そして、高齢ドライバーの死亡事故で最も多いのが、ハンドルなどの「操作ミス」や、アクセルとブレーキの「踏み間違い」などの運転操作の誤りです。

この日の講習を受講した18人のうち、狭い場所を曲がる際「脱輪」したのは5人。左折時に対向車線へはみ出してしまったのは半数を超える10人でした。

そして、中には、バックに入れたつもりのギヤがニュートラルになっていた人もいました。一つ間違えれば、暴走事故にもつながりかねない、危険な操作ミスです。

■“返納”年々減少…「旅行先で運転したい」

福島県で6人が死傷する暴走事故を起こした、97歳の容疑者。親族が、本人の免許返納について検討していた矢先の事故でした。

松見指導員:「ただ『年だから返納したほうが良い』と言っても、本人は納得しない。認知機能が良かったら、自信を持ってしまう。『俺は大丈夫だ』と」

75歳以上の高齢ドライバーの免許返納率は、2019年をピークに年々減少。家族や周りが説得しても、返納には踏み切れない人も多いとみられます。

受講者(75):「(周りは)『運転が危ない』って言っています。怖いんでしょうねえ」「(Q.免許返納を考えたことは?)『返納かな』と思ったことは、一度もない」

受講者(75):「(返納は)何か、きっかけがないとね。旅行に行った先で、車を運転したいし。動いているほうが、体には良い」

■依頼殺到…“免許返納” 促すサービス

一筋縄ではいかない免許の返納。そうしたなか、高齢ドライバーの家族から依頼が殺到しているという“あるサービス”があります。

高齢者安全運転診断センター 小林竜也分析員:「運転をドライブレコーダーで記録。運転を分析員が目で見てチェックしていく。『返納するか、続けるか、考えて下さい』という役割になっている」

ドライブレコーダーの映像から、教習所の元指導員などの専門スタッフが、安全運転に必要な40項目をチェック。ドライバーの危険につながる癖や操作が無いかを診断するというものです。

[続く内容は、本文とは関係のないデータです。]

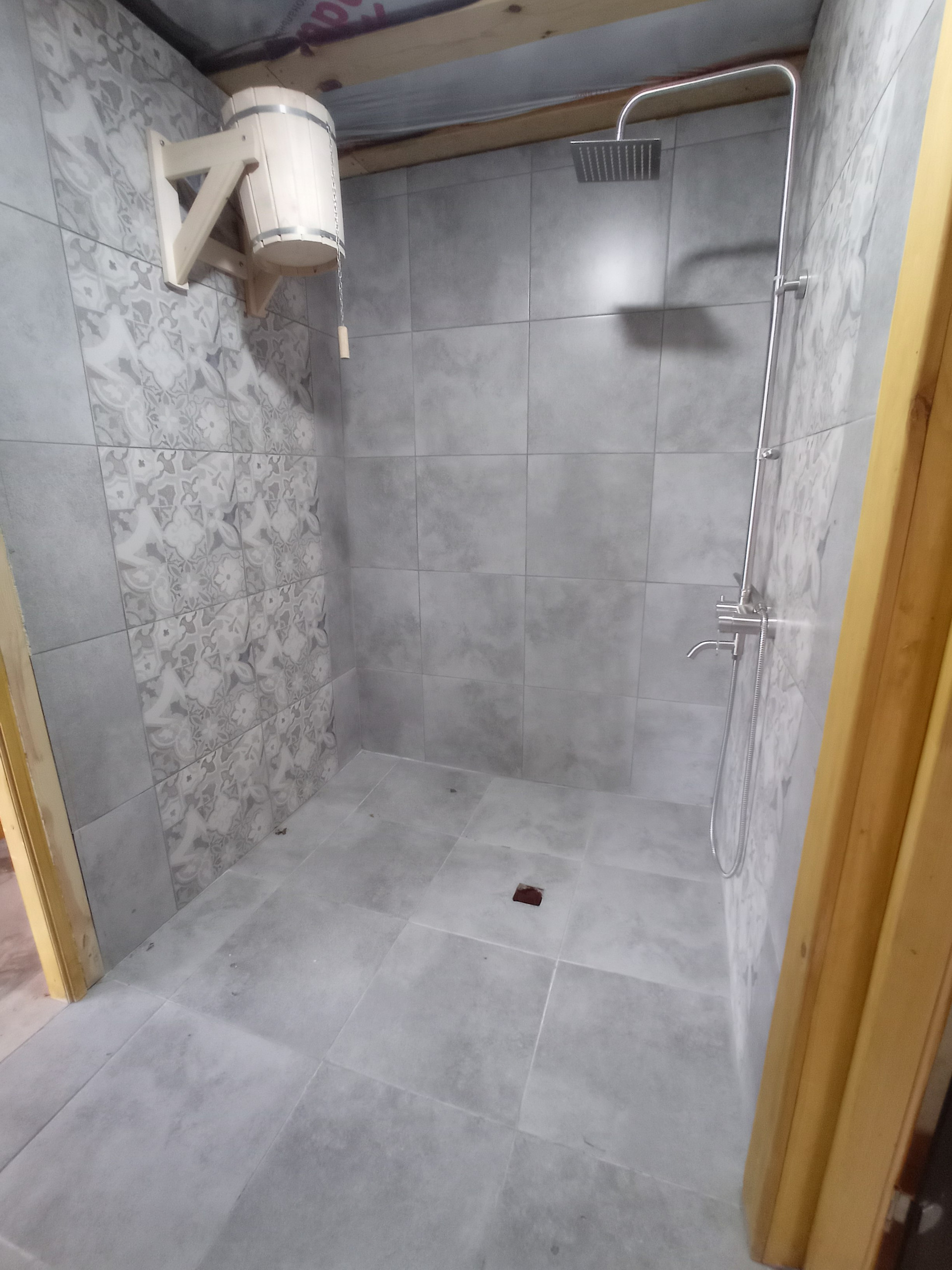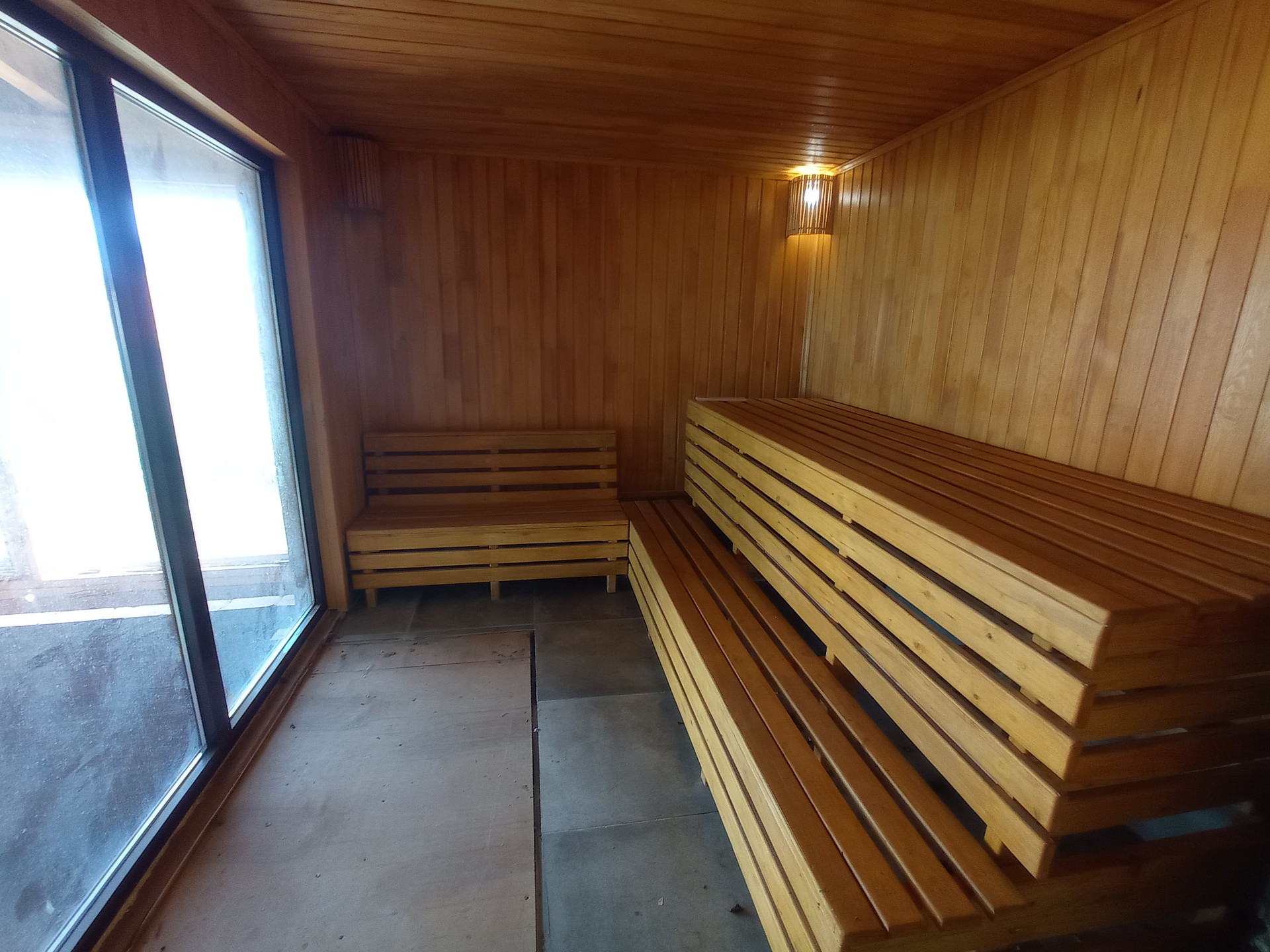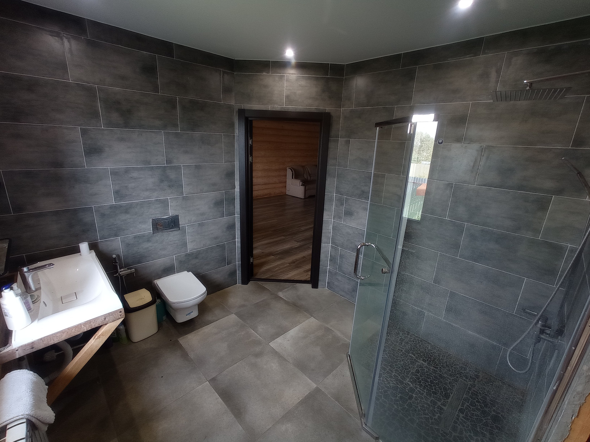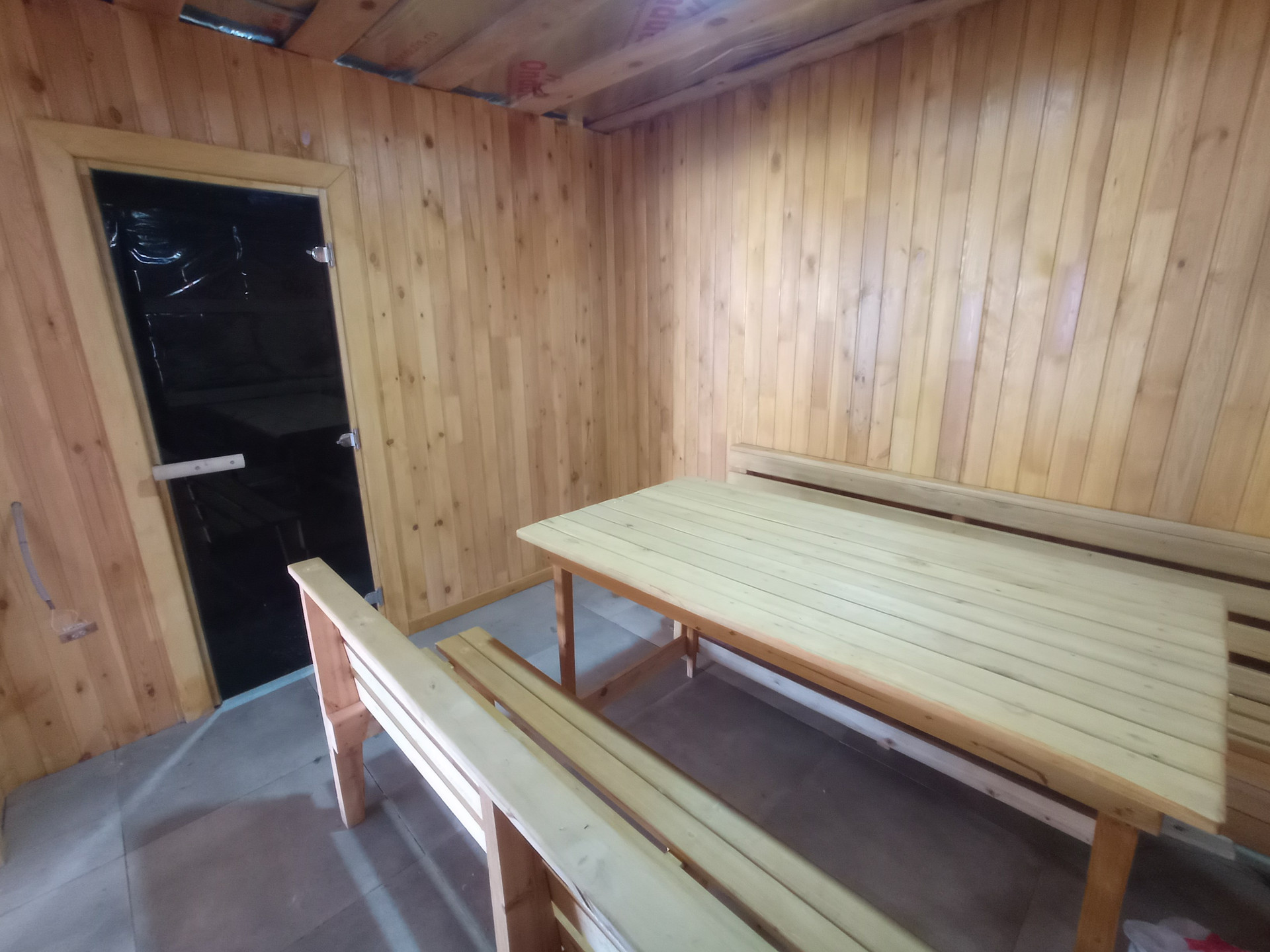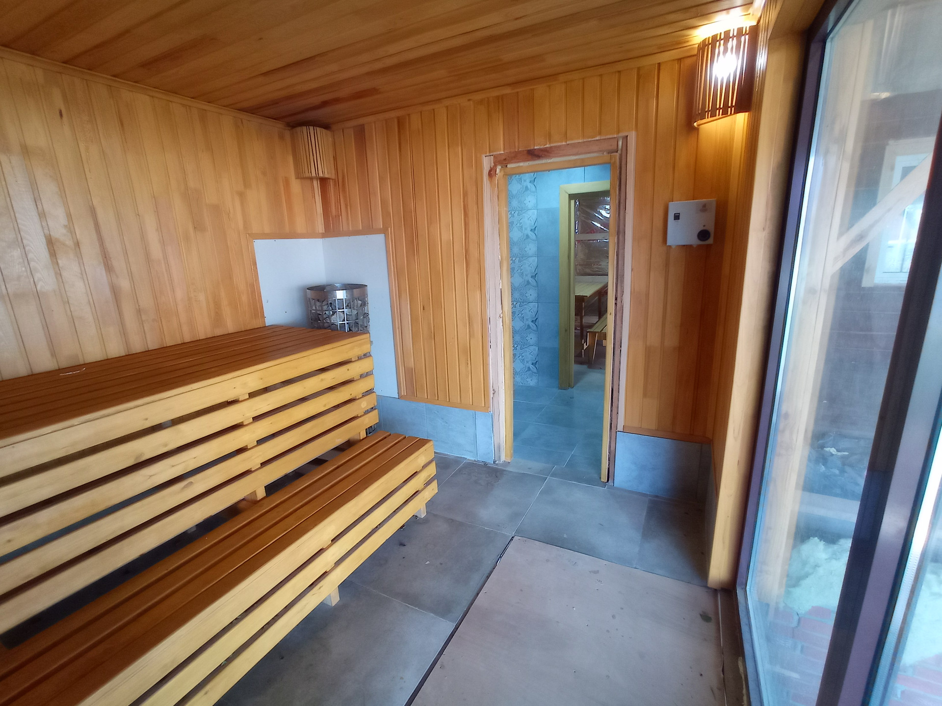 Баня с электрической каменкой, в бане есть туалет, комната отдыха, моечное отделение, парная с панорамным окном из закаленного стекла.
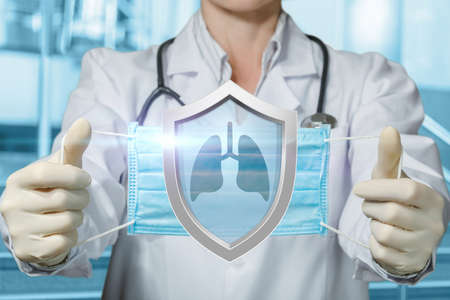 the doctor holds the lungs organ symbol. Awareness of lung cancer, pneumonia, asthma, COPD, pulmonary hypertension, world no tobacco day and eco air pollution. Respiratory and chest concept.
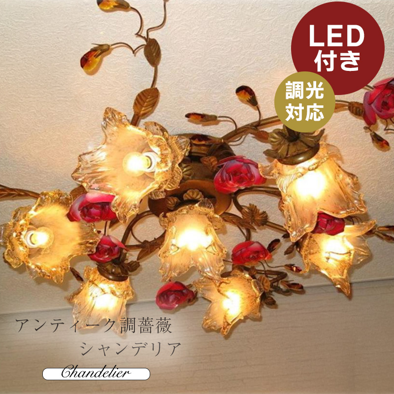 ☆可愛いデザイン照明 新品 薔薇モチーフ7灯シャンデリア LEDシーリングタイプを是非この機会に!
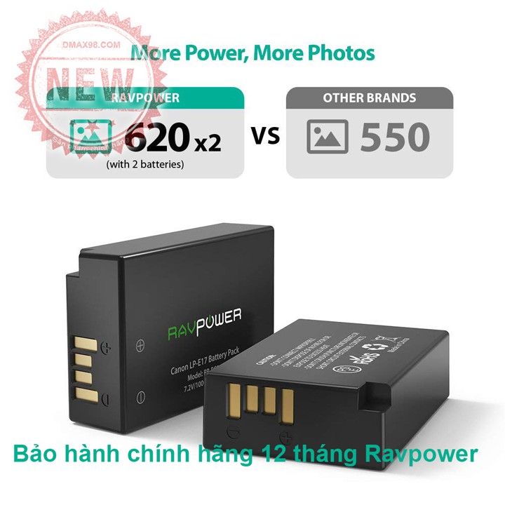 Pin sạc dự phòng LP-E17 cho máy ảnh canon chính hãng RavpowerBộ 2 pin sạc Canon LP-E17 dung lượng 1000mAh cung cấp 620 lần chụp.
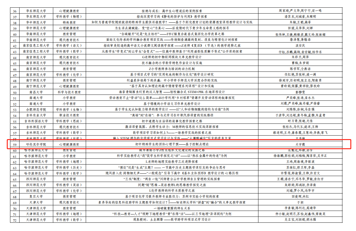 近日,全國教育專業(yè)學(xué)位研究生教育指導(dǎo)委員會發(fā)布了第六屆教育專業(yè)學(xué)位教學(xué)案例征集工作評審結(jié)果。本屆教學(xué)案例征集工作共收到全國123個單位提交的808篇教學(xué)案例,經(jīng)全國教育專業(yè)學(xué)位研究生教育指導(dǎo)委員會組織專家初審、初評、復(fù)評、修改后再評審和終評,最終有229篇教學(xué)案例通過評審。我校教育學(xué)院關(guān)宇霞老師撰寫的《初中特殊學(xué)生的團(tuán)體心理干預(yù)——基于控制點(diǎn)理論》通過評審,成功入選專業(yè)學(xué)位教學(xué)案例中心案例庫。這是我校首個入選中國專業(yè)學(xué)位案例中心案例庫的教學(xué)案例。
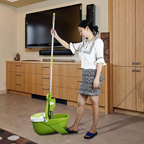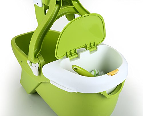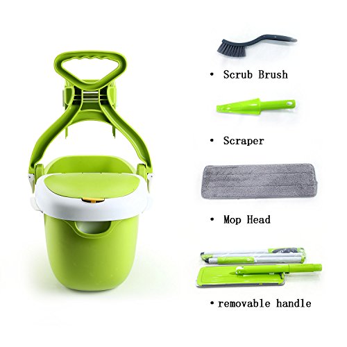 Mee'life Indoor Removable Mop and Bucket Green Deluxe Cleaning System Household Convenient Save Labour Humanized, Mopping Tool Set Extra 2 Mop Replacement Cloth,1Scraper and 1 Brush
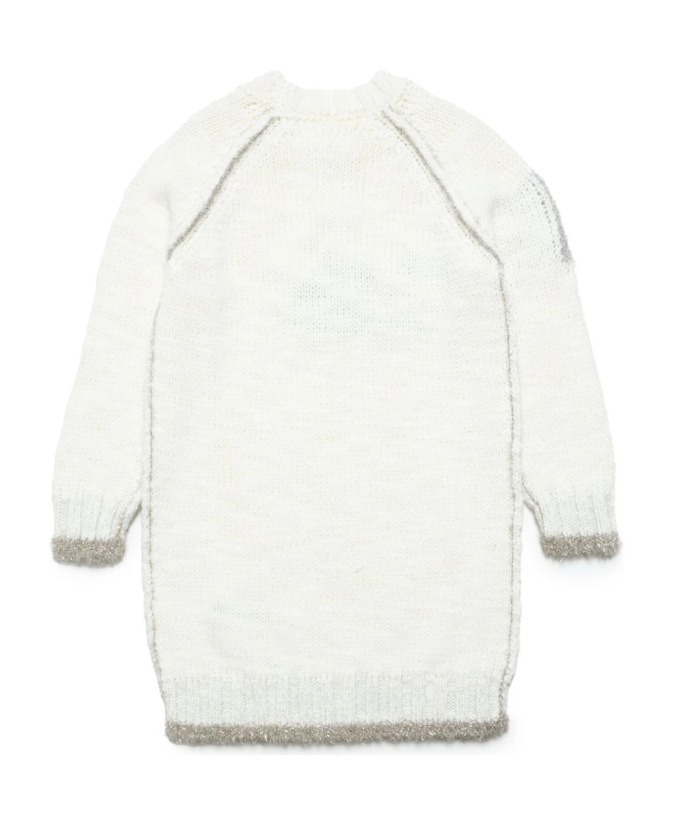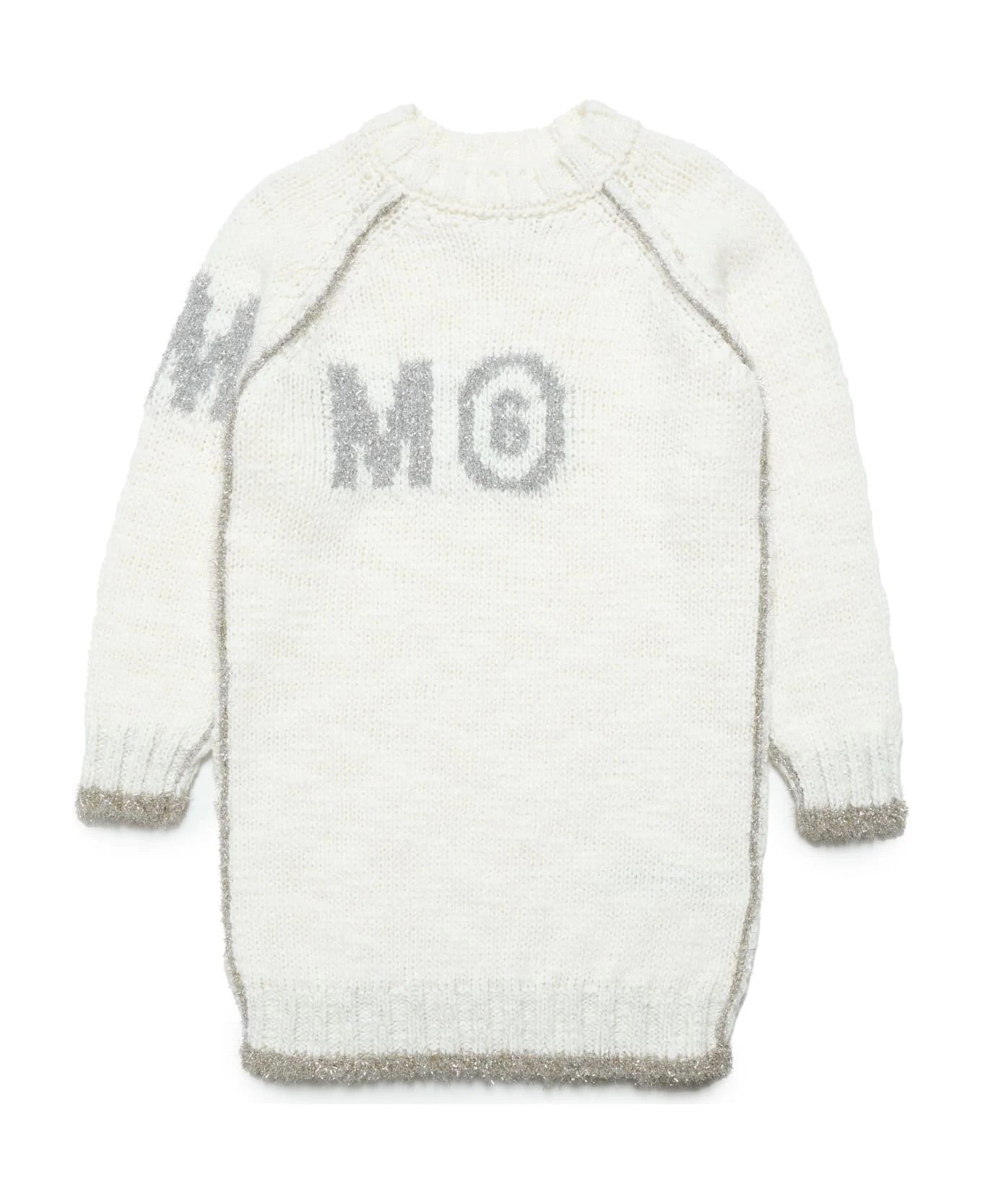 crew-neck, long-sleeved, wool-blend maxi sweater dress with contrasting lurex detailing on seams, collar, cuffs, hem, and logo, off-center toward the sleeve. Features distinctive stitching on the back. An item full of style, perfect for giving personality to casual looks. Featuring an oversize fit, all MM6 garments are unisex. Each child is free to wear what they want and how they want.
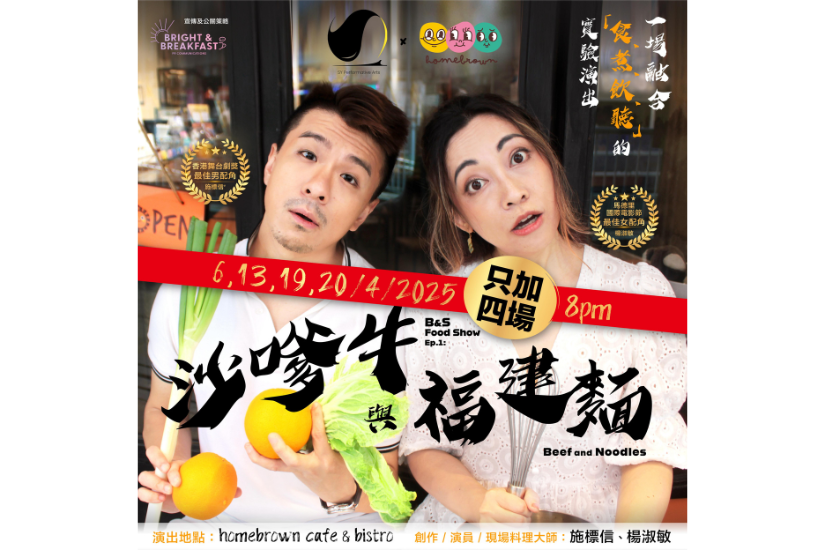 《沙嗲牛與福建麵》不僅是一場演出,而是一次徹底打破觀演界限的沉浸式體驗 —— 由香港舞台劇獎最佳男配角施標信(Billy Sy)與 Madrid International Film Festival 最佳女配角楊淑敏主演化身為「現場料理大師」,親自烹調四道菜輕量晚餐,配合 Jason Szeto 的現場音樂演奏,將傳統劇場轉化為充滿儀式感的飲食空間;觀眾不再只是靜靜欣賞表演,而是與演員一同經歷食物從準備到享用的全過程,聆聽每道菜背後的故事,感受食物如何成為記憶與情感的載體。
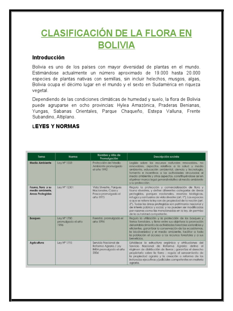 Dependiendo de las condiciones climáticas de humedad y suelo, la flora de Bolivia
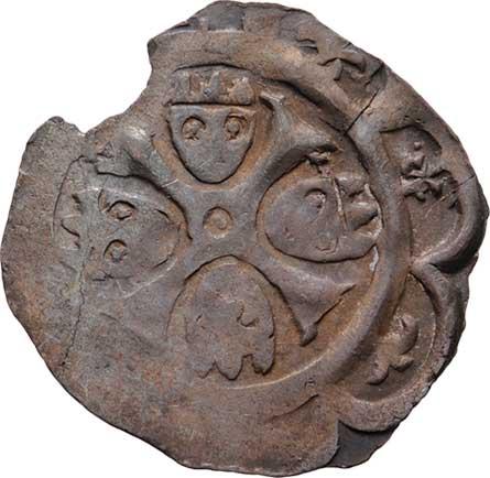 Fenik b.l., kříž, v úsečích čtyři korunované hlavy, Blätter für Münzfreunde 1910-str.4458, 0.734g, exc., nedor., vylomený okraj, pěkná patina RR!
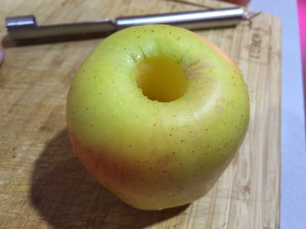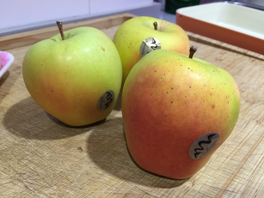 1. Precalentamos el horno a 180ºC. Lavamos y descorazonamos las manzanas. Para hacer al horno os recomiendo la manzana Golden, un tipo de manzana que mantiene la consistencia, y no es demasiado dulce ni ácida una vez asada. Cortamos cada manzana en 8 gajos.
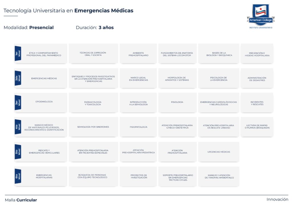Ser el único instituto del país que otorga el título con alta denominación, convierte nuestra educación en única. El contar docentes especializados en el área, con un sistema, escenarios y una metodología de simulación práctica de última tecnología enfocado al rescate, urgencias clínicas y trauma prehospitalario permiten el desarrollo de habilidades y competencias necesarias para destacar como profesional en el ámbito prehospitalario. Por todo esto, el Instituto Universitario American College siempre será tu mejor opción.
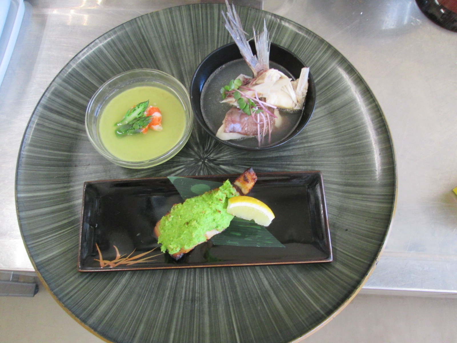 今日の献立は鯛の潮汁・鰆のうぐいす焼き・アスパラ豆腐です。

その診断をする上で、最も重要なポイントが「安全確認」の有無だといいます。

住宅街の狭い道路を走る車の映像を見てみます。

小林分析員:「『止まれ』があって、一時停止。まず、止まっていないですよね。顔を見ると、左右の確認ができていません」

車は、一時停止をしないまま交差点に進入。ドライバーの顔は、前を向いたままです。その後、頭を左右に振りますが、車はすでに交差点の中に。

さらに、普段運転している時の顔や目の動きから、これまで見過ごされてきた、安全確認が不十分という“危険な癖”が浮き彫りになりました。

小林分析員:「顔の角度からすると、カーブミラーだけ見ている。それで『車が来ていないな』で、そのまま…」「『自分はこんな危険な運転をしていたんだ』というところで。実際に、免許返納された方もいます」

運転が客観的に分析され、問題点が明確になることで、最近では高齢ドライバーを抱える企業からの依頼も増えているといいます。